К чести его надо сказать, что он от души сокрушался над тем, что у меня уже не оставалось времени съездить в Лондон и заказать себе у его поставщика, знаменитого портного Поля, необходимые костюмы, фрак, визитку, cutaway[162] и к нему брюки в узенькую полоску, а также темные и светло-синие куртки, и был приятно поражен тем, как точно я знал, что из полотняного и шелкового белья, всевозможной обуви, шляп и перчаток мне нужно еще приобрести для достойной экипировки. Многое я успел купить в Париже, и хотя мне следовало бы еще заказать здесь несколько костюмов, я решил не затевать этой канители на том приятном основании, что всякий более или менее сносный готовый костюм сидел на мне как изделие первоклассного портного.
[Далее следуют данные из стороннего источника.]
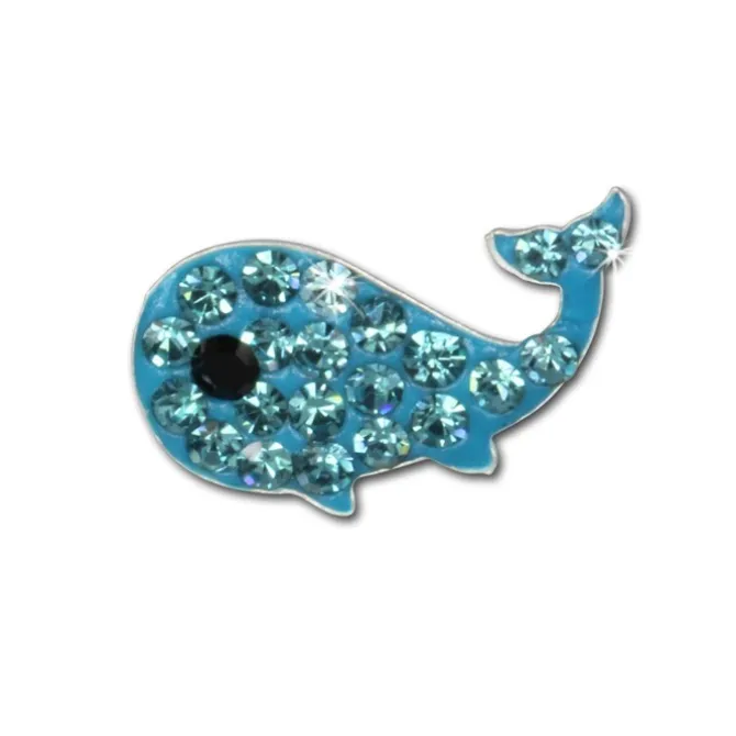 Teenie-Weenie Kinder Ohrstecker Wal mit vielen kleinen hellblauen Zirkonias aus unserer Kinderschmuck Kollektion aus anlaufgeschütztem 925 Sterling Silber. Die Kristalle funkeln und glitzern auf dem Ohrring.

Приобретение кое-каких мелочей, а главное белого тропического гардероба, я решил отложить до Лиссабона. Веноста вручил мне для последних парижских покупок еще несколько сот франков из денег, которые родители оставили ему в качестве «подъемных», и к ним добавил сотню-другую из полученного от меня капитала. В силу свойственной мне порядочности я обещал вернуть ему эти деньги из своих дорожных сбережений. Он еще передал мне свой альбом, карандаши и палочку с фетровым наконечником, а также коробку визитных карточек с нашим именем и его нынешним адресом; затем мы обнялись, покатываясь со смеху; он похлопал меня по спине, пожелал мне как можно полнее насладиться новыми впечатлениями и отпустил меня в широкий мир.
Еще две недели с небольшим, благосклонный мой читатель, и я уже катил навстречу этому миру в украшенном зеркалами одноместном купе норд-зюйд-экспресса; приятно было в отлично выутюженном костюме из английской фланели и в лакированных ботинках со светлыми гетрами, закинув нога за ногу, расположиться на сером плюшевом диване и, прислонившись головой к кружевным антимакассарам на его удобной спинке, смотреть в окно. Свой туго набитый сундук я сдал в багаж, ручные чемоданы из телячьей и крокодиловой кожи с монограммами «Л.д.В.» и девятизубчатой короной лежали в сетке у меня над головой.
Мне не хотелось что бы то ни было делать, даже читать. Сидеть и быть тем, кем я был, – можно ли придумать что-нибудь лучше? Лирическая нега овладела моей душой, но не прав будет тот, кто подумает, что это счастливое состояние было вызвано исключительно или преимущественно тем, что я сделался столь знатной персоной. Нет, изменение и обновление моего поношенного «я», возможность сбросить с себя надоевшую мне оболочку и влезть в новую – вот что переполняло меня счастьем. И тут мне пришло в голову, что такая перемена бытия не только чудодейственно освежает, но еще и дарит меня радостным забвением, ибо теперь мне надо было изгнать из памяти все воспоминания, связанные с жизнью, которой я больше не жил. Сидя здесь, я уже не имел на них права; и, сказать по правде, то была небольшая потеря. Мои воспоминания? Нет, нет, совсем не потеря то, что они уже не мои. Трудновато только, пожалуй, заменить их теми, которые мне сейчас подобали, ибо этим последним недоставало точности. Странное ощущение ослабевшей, я бы даже сказал, опустевшей памяти охватило меня в моем роскошном уголке. Я обнаружил, что ничего не знаю о себе, кроме того, что мое детство прошло в Люксембургском замке, и лишь два-три имени, вроде Радикюля и Миними, сообщали известную реальность новому моему прошлому.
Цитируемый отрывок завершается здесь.